Late-night emails disrupt work-life balance and suggest that employees must be available around the clock, wrote Martin, the then-dean of the college of literature, science, and the arts at the University of Michigan, and Anne Curzan, an associate dean of humanities, also at the university.
“If a manager is sending emails on a regular basis after hours, employees will feel pressured to do so, too,” says Joyce Maroney, the director of the Workforce Institute at Kronos. Late-night emails can drain employees—and burned-out employees are less effective and more likely to quit.
To curb excessive emails, Martin and Curzan asked their team to limit email traffic to working hours (7:00 am to 6:00 pm, Monday to Friday), and to communicate face-to-face whenever possible. Martin and Curzan also clarified that leaders shouldn’t expect or request support after the workday, unless it’s an emergency.
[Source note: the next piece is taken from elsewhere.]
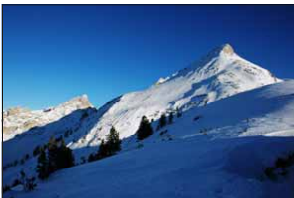
Veduta verso il Col Becchei

Dal Rifugio Fanes alle auto Tempo previsto ore 1.00 - 1.30

When Martin and Curzan brought the proposed email policy to the dean’s cabinet, many were skeptical and worried the curfew would make them less effective. But the policy has been so “transformative” that other offices and departments around campus have adopted similar policies, the authors write. Not only did employees send fewer late-night emails, but they also replaced some emails with a quick chat face-to-face.
Many team members still draft emails at night, but delay sending notes until the next morning. Under the email curfew, one administrator felt “a palpable sense of relief” to see an empty inbox. Most importantly, the policy reminds the team that few issues are urgent enough to warrant attention on a Saturday night, the authors write.